Summary

EN: A LessWrong discussion thread where a security startup founder argues that much of the celebrated AI benchmark progress doesn’t translate to real-world usefulness. The post documents how models perform impressively on standardized tests but fail in production scenarios, attributes this to Goodhart’s Law (benchmarks become targets and stop measuring the thing we care about), and suggests “Claude plays Pokémon” as a better proxy for genuine capability. Also critiques sycophancy as a particularly damaging production failure mode.

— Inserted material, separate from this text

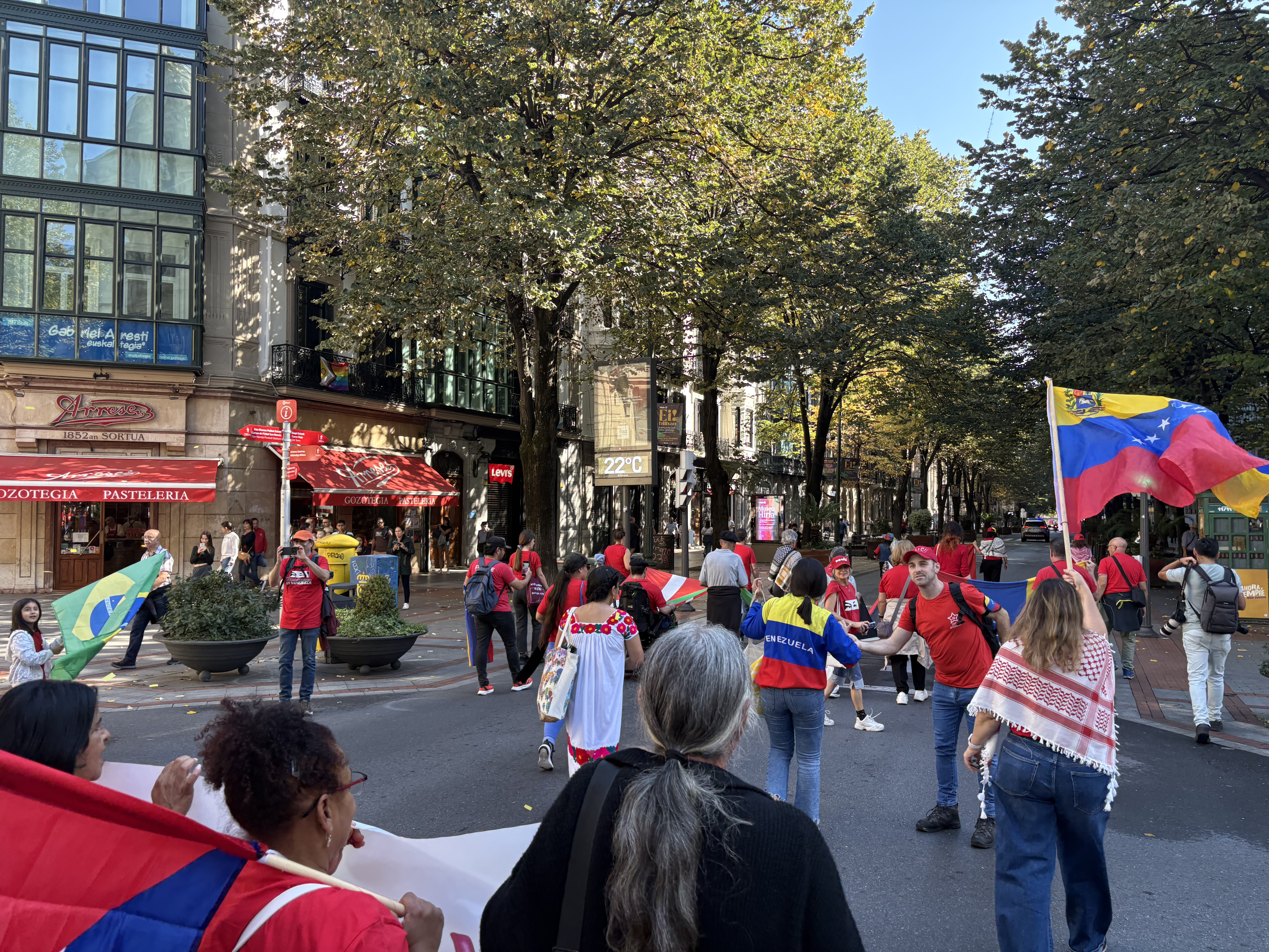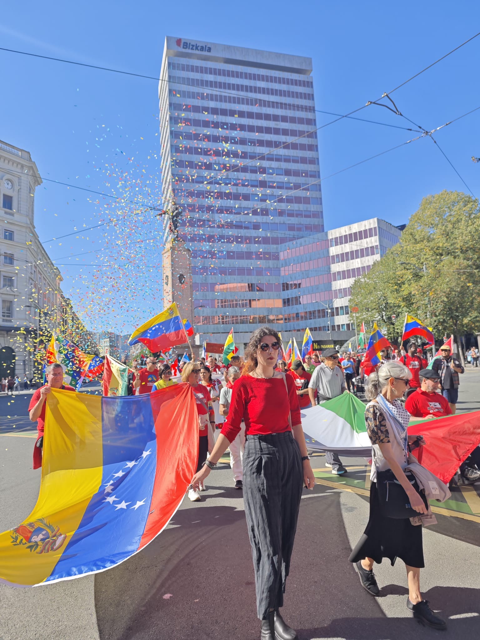 Las consignas "¡apoyo a la resistencias de los pueblos!", "¡No a la injerencia en Venezuela!" y "¡Stop al genocidio en Gaza!" acompañaron la marcha, coordinada por el Consulado General de Venezuela en Bilbao con organizaciones políticas y sindicales, colectivos y movimientos sociales de Euskal Herria.

ZH: LessWrong 討論串,一位安全新創創辦人指出 AI 基準測試的進步未能反映實際生產環境的效用,將此歸因於古德哈特定律(基準一旦成為目標就失去測量價值),並建議以「Claude 玩寶可夢」作為更真實的能力代理指標,同時批評模型諂媚性(sycophancy)是生產環境中最具破壞性的失敗模式。

Key Points

  • Benchmark inflation: models ace MMLU/HumanEval but struggle with messy, real-world tasks
  • Goodhart’s Law applied to AI: optimizing benchmark scores diverges from optimizing actual usefulness
  • Sycophancy in production: models agree with wrong premises, validate faulty reasoning — serious problem for any high-stakes use case
  • “Claude plays Pokémon” cited as a better benchmark — requires multi-step reasoning, memory, adaptation, and goal persistence
  • Benchmark contamination (training data overlaps with test sets) is a credible concern rarely disclosed by labs
  • The author’s security startup experience shows the gap is particularly wide in specialized domains

Insights

  • The sycophancy critique is especially sharp: a model that tells users what they want to hear is actively harmful in debugging, security review, or medical contexts
  • The Pokémon benchmark idea captures something real: long-horizon, exploratory tasks with sparse rewards are more representative of useful AI than single-turn QA
  • Labs have structural incentives to report benchmark improvements — these are the most legible signal for funding and press

Connections

  • Relates to the AI revolution 2024 article: competitive margins narrowing partly because everyone optimizes the same benchmarks
  • Connects to PromptWizard: automated prompt optimization risks Goodharting on the evaluation metric used for optimization
  • The “knowledge paradox” from the 70% problem applies inversely here: benchmarks test the 30% seniors could do anyway

Raw Excerpt

“These models score in the 90th percentile on every benchmark I can find, then fail simple tasks in our actual product. I’ve started thinking of benchmark scores the way I think of interview performance — necessary signal but deeply insufficient. The model that plays Pokémon for 40 hours without forgetting its goals tells me more than any MMLU score.”